Come è vero che l’incontro con i tuoi insegnanti puo’ dare una impronta alla tua vita.. ebbi Tenchio a Oggiono negli anni settanta come professore di Educazione Artistica (allora si chiamava così) alle Scuole Medie. In quegli anni per me era solo il professor Tenchio, non immaginavamo certo il grande valore artistico e umano di questa persona, ma lui era uno di quei professori che ti facevano innamorare dell’Arte.
Oggi mi piace ricordare e rendere merito all’artista che ho avuto il privilegio di conoscere, con una rassegna di foto delle sue opere che ho scattato io stessa alla mostra “Una classicità immaginaria” tenutasi nel 2018 al Museo Archeologico di Como.
Rosa Maria Corti
Note biografiche dell’artista
Angelo Tenchio (Gera Lario 1943- Como 1994).

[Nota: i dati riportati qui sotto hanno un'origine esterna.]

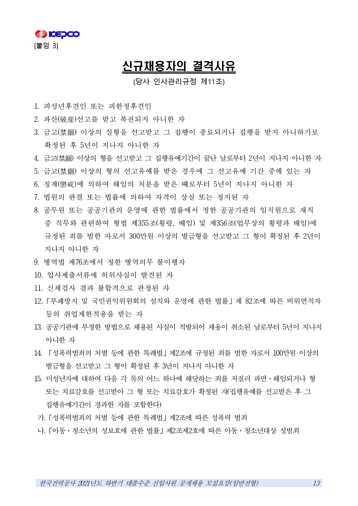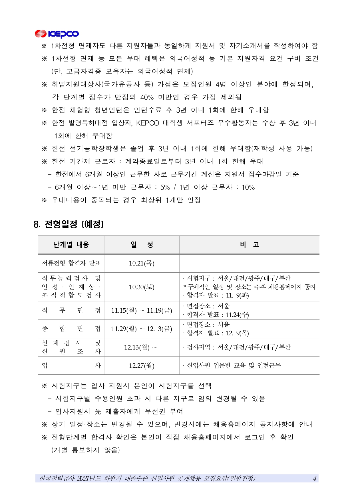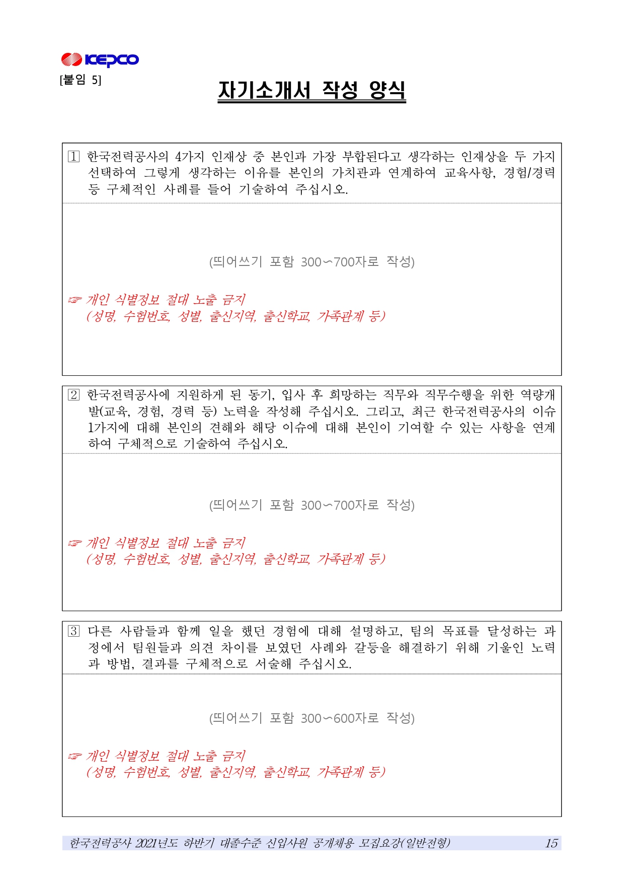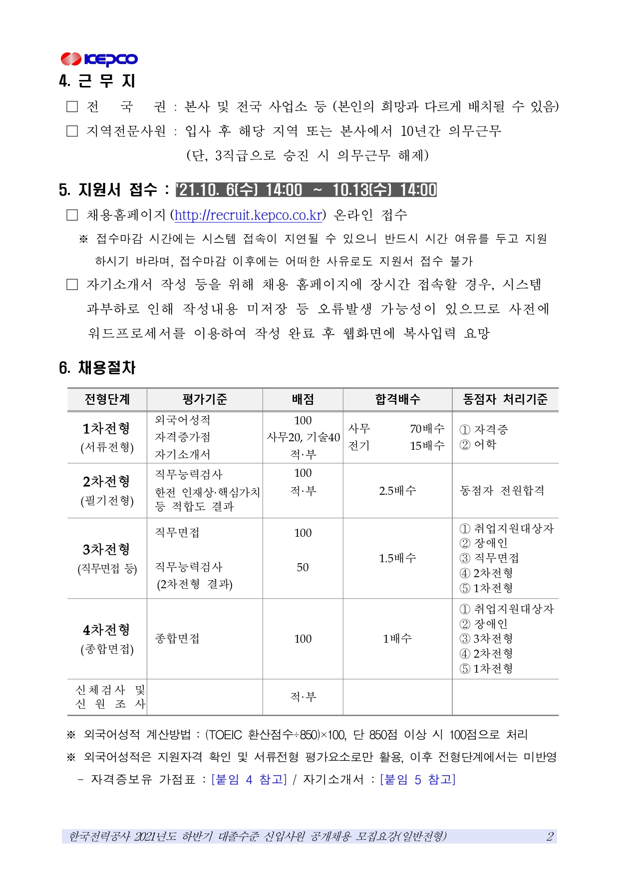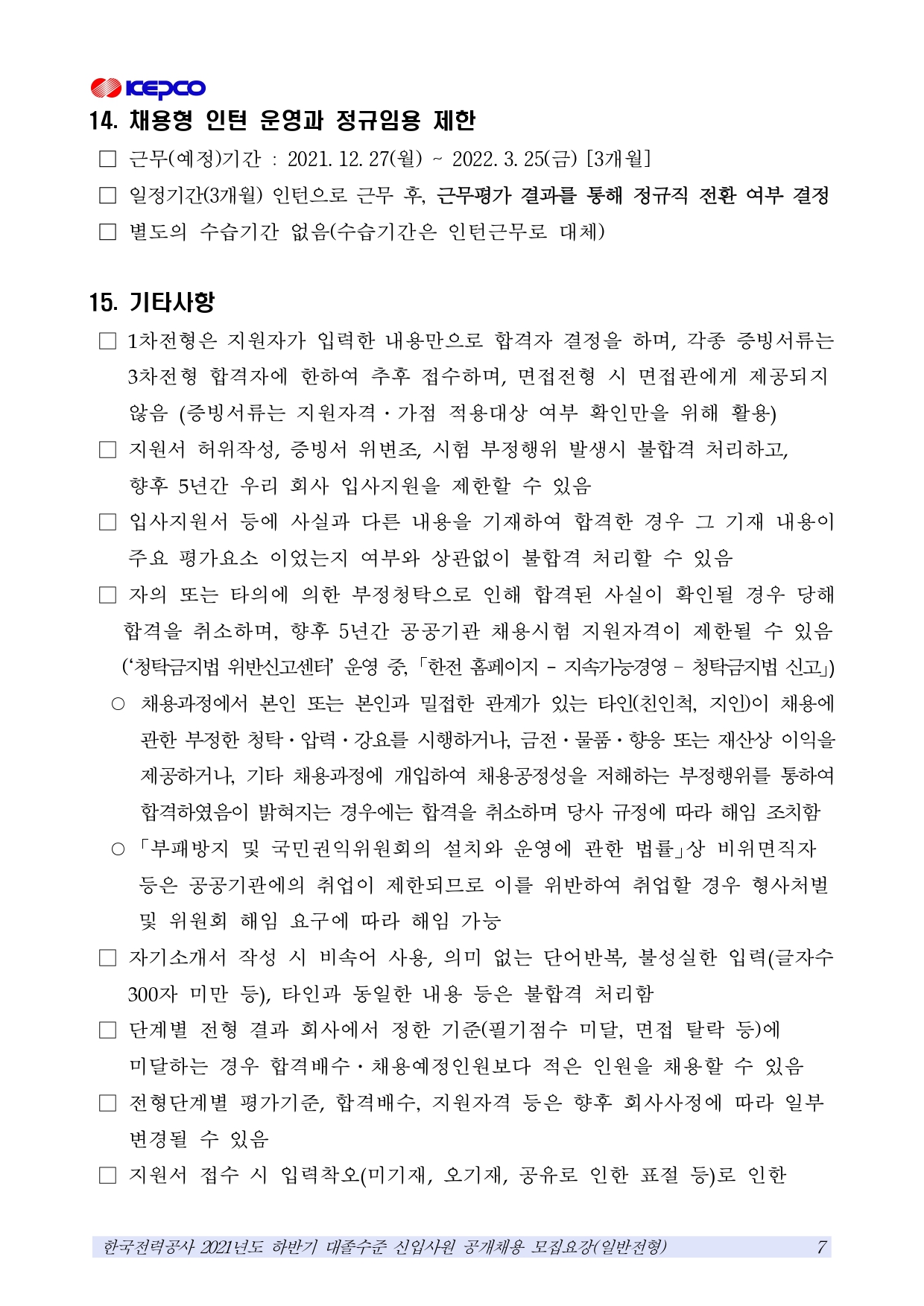 2021 하반기 한국전력공사 대졸수준 공개채용 공고(일반전형)(~10.13)입니다.
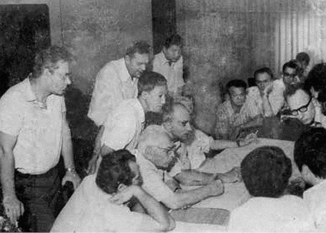 Nhóm chuyên gia Xô - Việt nghiên cứu các tài liệu về tiềm năng dầu khí của thềm lục địa miền Nam Việt Nam. Ngồi giữa là ông G. P. Ovanesov, bên phải là ông V. A. Yarmolyuk, sau lưng ông là ông Lê Văn Cự (năm 1979) Ảnh tư liệu của Phòng Truyền thống Petrovietnam.

Dopo aver frequentato la scuola di avviamento professionale di Dongo, si iscrive a Brera per poi seguire il corso di scultura di Marino Marini, quelli di tecniche del marmo di Romano Rui e quindi quelli di pittura e di incisione di Domenico Purificato e Giovanni Repossi. Nel 1966 partecipa ai concorsi di pittura di San Pellegrino Terme e di Chiavenna, vincendo in entrambi il primo premio. Dal 1963 comincia ad insegnare e a esporre. Si trasferisce a Como dove ha contatti con gli astrattisti di fama consolidata (Mario Radice, Carla Badiali, Aldo Galli) e con i più giovani pittori emergenti (Giuliano Collina, Giorgio Bellandi, Paolo Minoli, Nicola Salvatore) e affermati scultori (Francesco Somaini e Eli Riva). Lo studio di via Borgovico diventa un luogo di incontro e di discussione per molti studenti, amici e colleghi dell’area lombarda e del Ticino (tra cui Max Huber, Aoi Huber Kono, Italo Valenti e Mario Negri). Fra le sue opere, a partire dalla fine degli anni settanta, la serie di sculture dedicate ai Giardini, ai Bestiari, ai Totem, alle “Poulie” o pulegge, destinate a suscitare sensazioni e reazioni, memoria di un mondo contadino al quale forse l’artista guardava con un po’ di nostalgia. Scalpello e sgorbia hanno dato vita nelle sue mani a forme pulite anche se irregolari, qualche volta rese più plastiche da un tocco di colore atto a rendere l’opera più incisiva. Tra gli anni Ottanta e Novanta, guardando alla statuaria greca e romana, hanno visto la luce invece opere d’una classicità immaginaria.